BALTIMORE -- The riots in Baltimore started Monday at the Mondawmin Mall. Two days later, the mall was where self-identified gang members were trying to restore peace.
Police had assembled at the mall Monday anticipating violence after the funeral of 25-year-old Freddie Gray, an unarmed black man who died after being injured in police custody last month. The mall is a major transit hub for high school students going home from school. The city not only shut down the metro station there that day, but prevented students from boarding buses that would have take them to their respective neighborhoods, according to reports.

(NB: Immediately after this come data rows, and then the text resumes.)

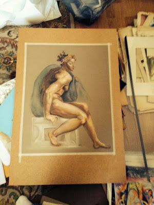 When I approached the review board, after six hours of sweltering with a sullen throng of tattooed brats in a dark, wood-paneled chamber, they predictably blew through my original stuff with some raised eyebrows, half-hearted nods, and wry grins. There were a few positive comments, but they were unimpressed. Oddly enough, I sensed that my years of being "encouraged" as a youngster had only yielded the same vapid, self-indulgent work that 99.9% of American teenagers produce, except mine was a little more polished, making it just barely worthy of consideration. I figured that my tedious efforts to truly "create" original content couldn't compete with the simple beauty of antiquity, and waited with bated breath as they turned the final page. At last, the panel's eyes rested on my copy of the Michelangelo.
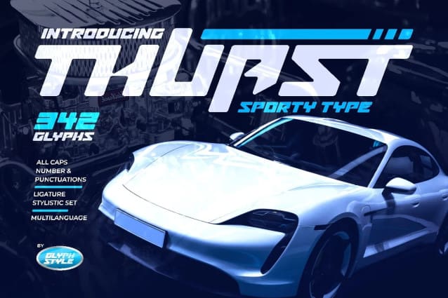Thuast Sporty Font is a sports and speed themed display font. The letters in bold and italics describe speed. Equipped with stylistic options to enrich your creativity.
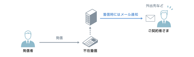 着信お知らせメールとは、電話に出られなかった場合、または事前に指定した電話番号からの電話があった場合に、指定したメールアドレスへ通知をするサービスです。
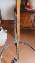 L'oggetto nell'immagine è un portavaso antico in ferro battuto, realizzato con tecnica artigianale di forgiatura a mano. Caratteristiche e Stile Design: Presenta un fusto centrale decorato con elementi floreali, come la rosa visibile al centro, e gambe a treppiede con lavorazione a torciglione. Stile: È riconducibile allo stile Liberty (Art Nouveau), tipico dei primi del Novecento. Uso: Oltre che come portapiante da interno o giardino, strutture simili venivano storicamente utilizzate anche come portacatitino o bracieri.
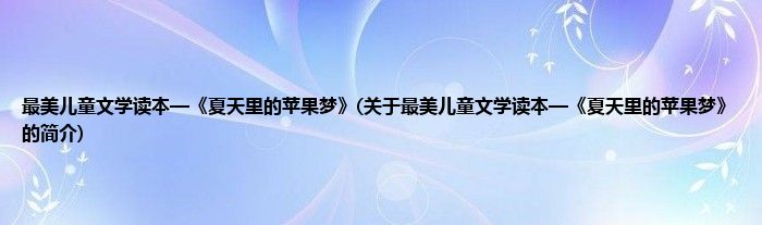 本文关于最美儿童文学读本—《夏天里的苹果梦》的简介就讲解完毕,希望对大家有所帮助。
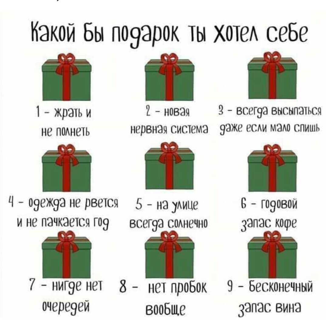 Новый Год - это прекрасный, добрый и волшебный праздник! На Новый Год люди всегда радуют друг друга подарками! Но ненужно забывать и о себе любимом! Какой подарок Вы бы хотели получить? Выбирайте... Выбирайте себе подарок, который больше всего Вам по душе! И С НОВЫМ ГОДОМ ДРУЗЬЯ!
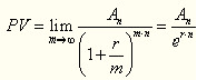 如果式中m趨于∞,則(1+r/m)nm趨于ern,因此,如果連續(xù)復(fù)利,那么現(xiàn)值的計(jì)算公式為:
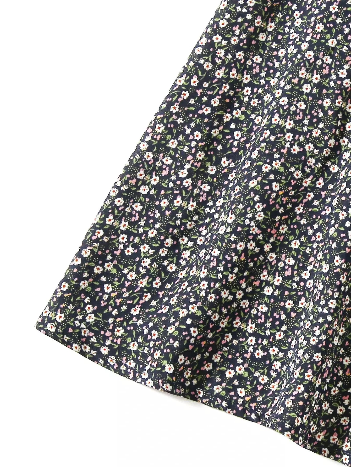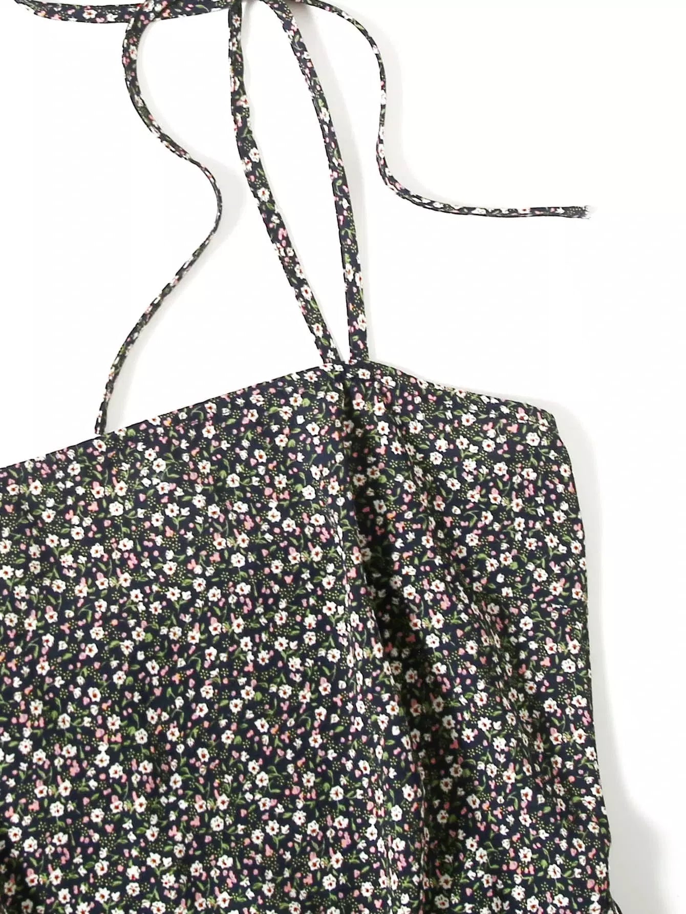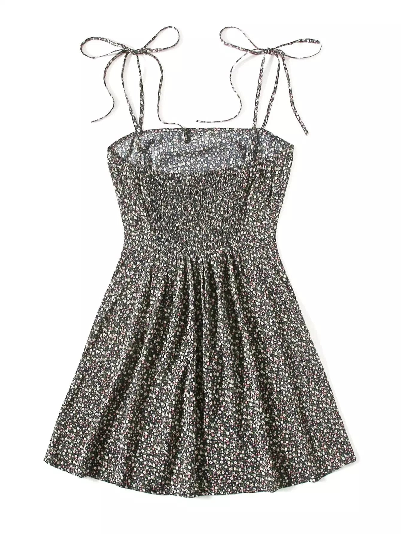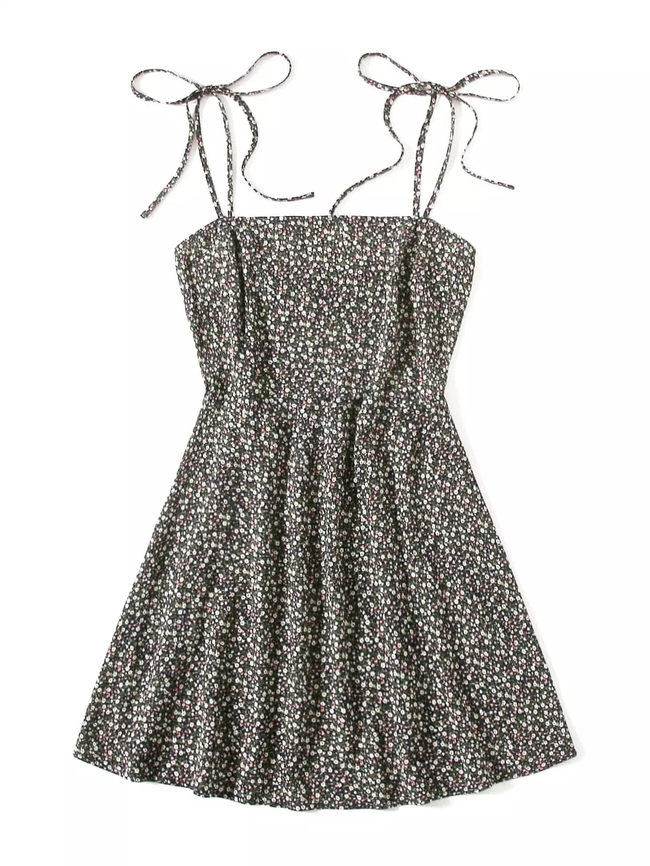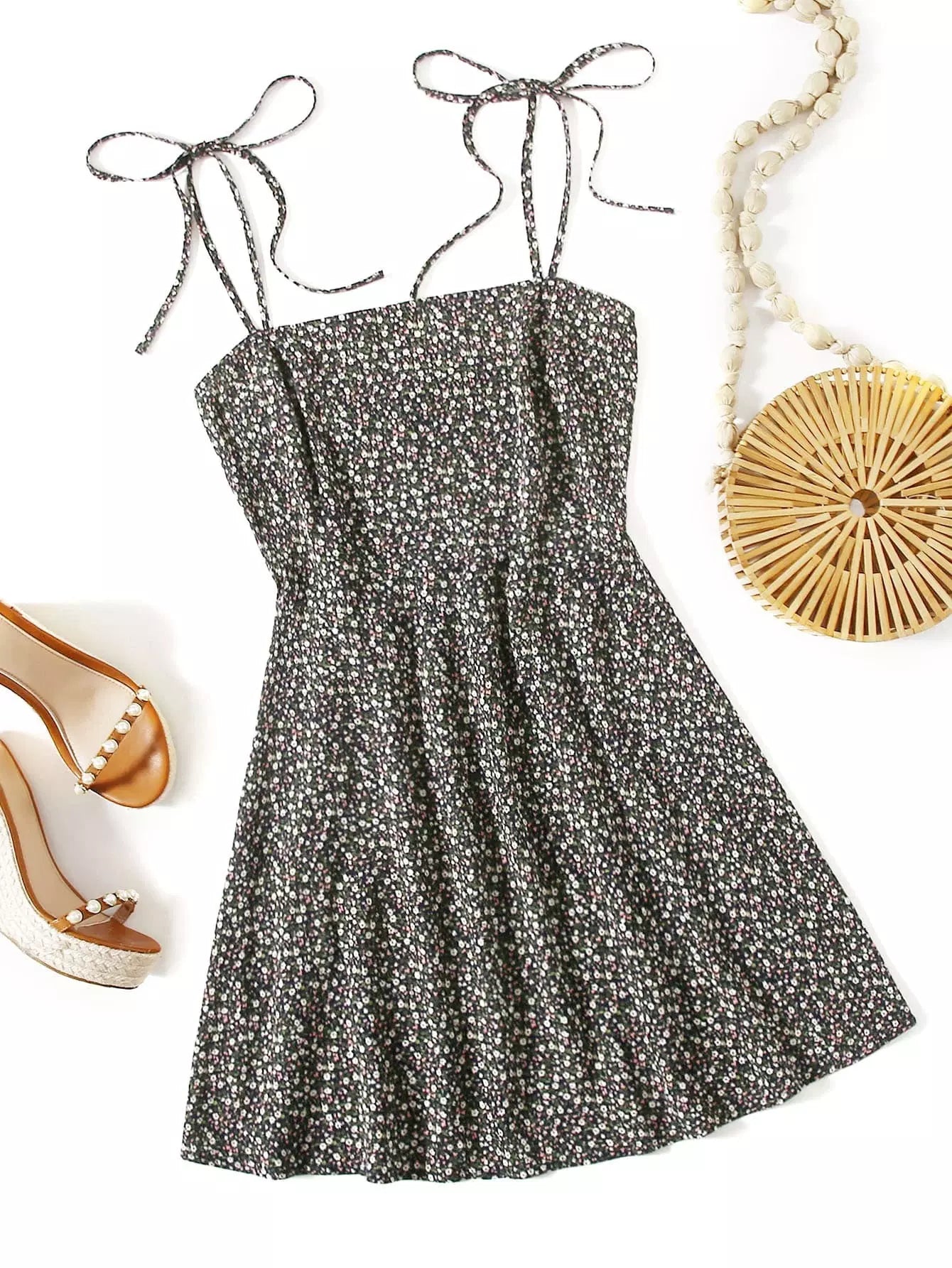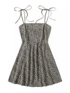 فستان كامي مزين بزهور صغيرة مع رباط على الكتف وتفاصيل مجعدة
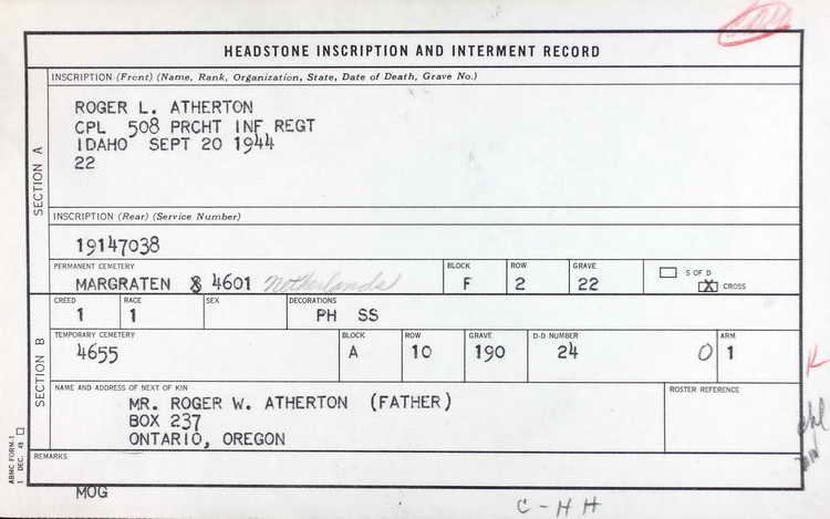 September 20, 1944 and was awarded the Silver Star and the Purple Heart |
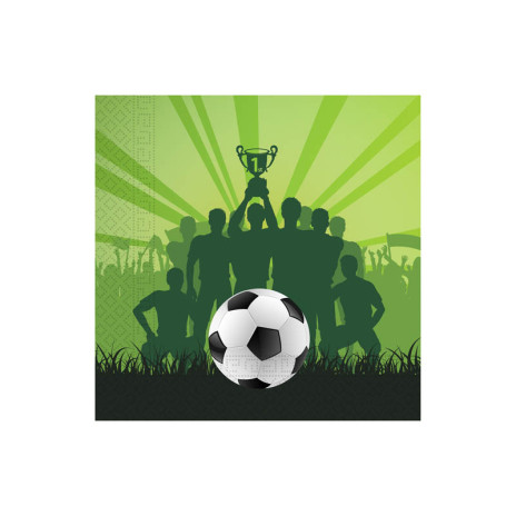 Conjunto de 20 guardanapos de folha dupla de futebol para decorar a tua festa de aniversário com o mesmo tema.
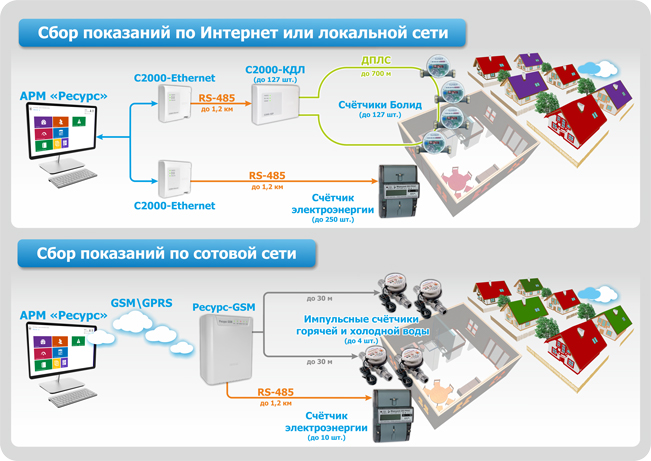 Рассмотрим основные варианты применения АСКУЭ «Ресурс» на примере многоквартирного жилого дома, коттеджного поселка и различных распределённых объектов.
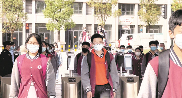 三峽初中學(xué)生走進(jìn)校園。吳雅嬌攝
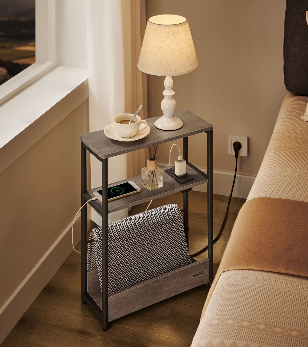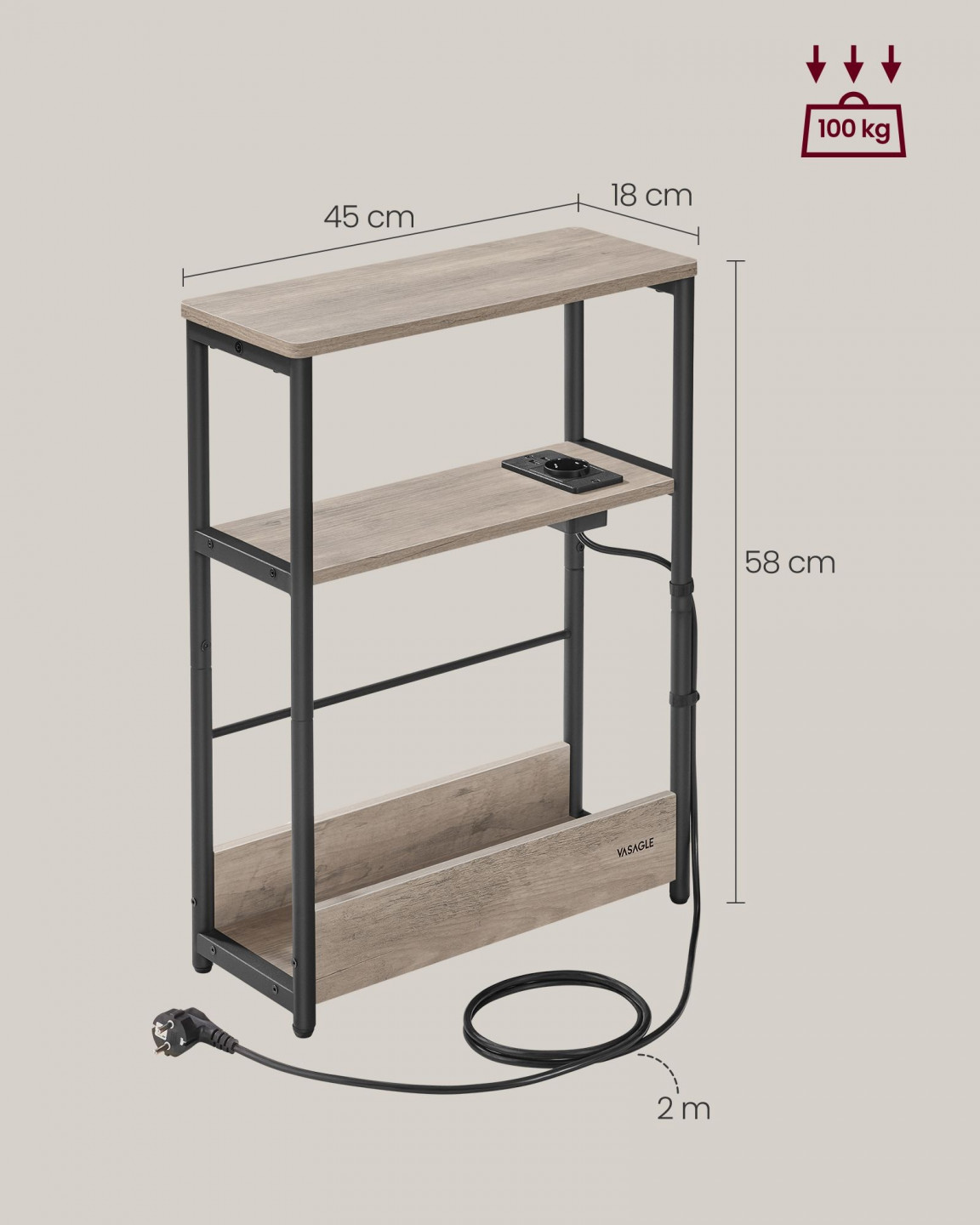 Obdélníkový stolek s policemi a zásuvkou 18 x 45 x 58 cm | šedá-černá
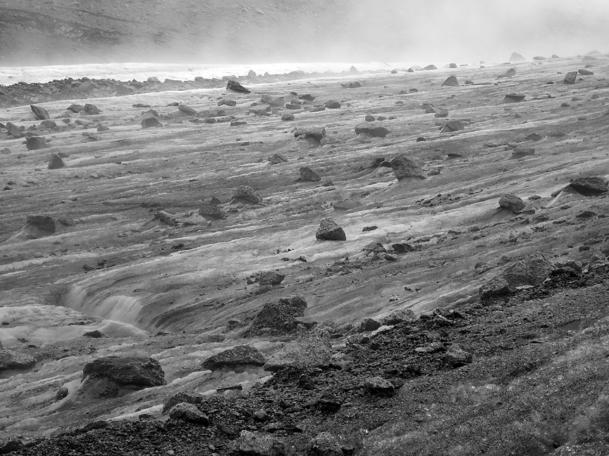Rock strewn glacier ice. |
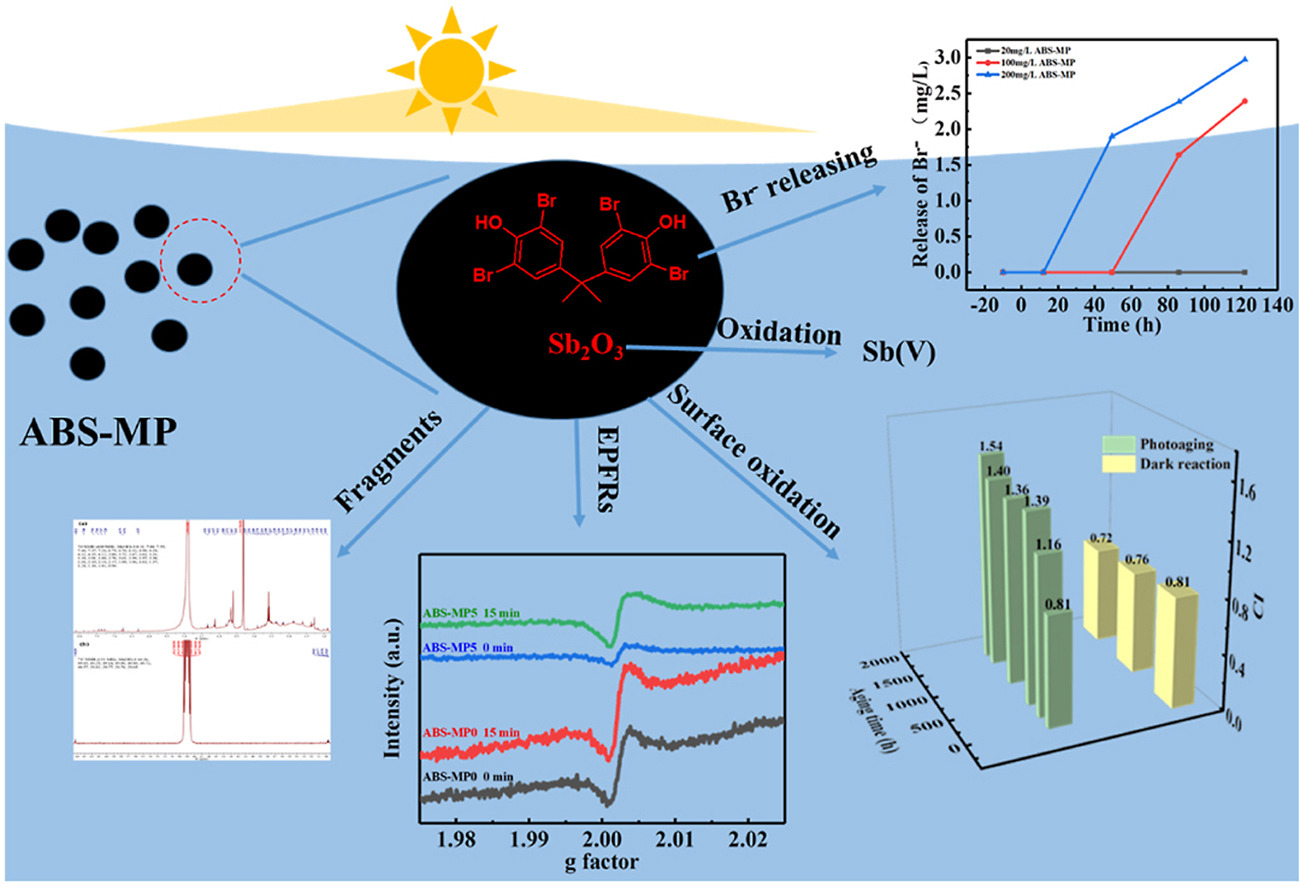 微塑料(MPs)污染已成為一個重要的環(huán)境問題,并對多種生物構(gòu)成威脅。胡學(xué)鋒教授研究了水中丙烯腈-丁二烯-苯乙烯微塑料(ABS-MP)在模擬太陽光照射下進(jìn)行光老化產(chǎn)生的表面形貌和官能團(tuán)的變化,同時檢測老化產(chǎn)物在水中的釋放。調(diào)研了老化程度對環(huán)境持久性自由基(EPFRs)的影響及光照下二次EPFRs的生成??疾炝颂砑觿┧匿咫p酚A(TBBPA)和Sb2O3在光老化過程中的轉(zhuǎn)化。論文發(fā)表在環(huán)境TOP期刊Journal of Environmental Management。ABS及其添加劑TBBPA在自然環(huán)境中光老化及轉(zhuǎn)化的研究,有助于對進(jìn)入環(huán)境中微塑料潛在危害的深入理解。

With so many students stuck at the mall, and so much simmering anger over Gray's death, the situation escalated. Some people started throwing bricks and bottles at the officers, and before long, stores were being looted. The mayhem then spread to other neighborhoods.
Buildings caught fire, police officers were injured, hundreds of arrests were made and suddenly the whole country was watching Baltimore on TV.
But on Wednesday, when far fewer cameras were focused on the mall, members of rival gangs banded together to make sure students there got home from school safely. Men who identified themselves as Bloods, Crips and members of the Black Guerilla Family, among other groups, worked with local community leaders to keep the peace.
The Huffington Post talked with the gang members Wednesday as police helicopters buzzed overhead and the National Guard and riot cops looked on. The students got on the buses peacefully and made their way home.
Watch the video above.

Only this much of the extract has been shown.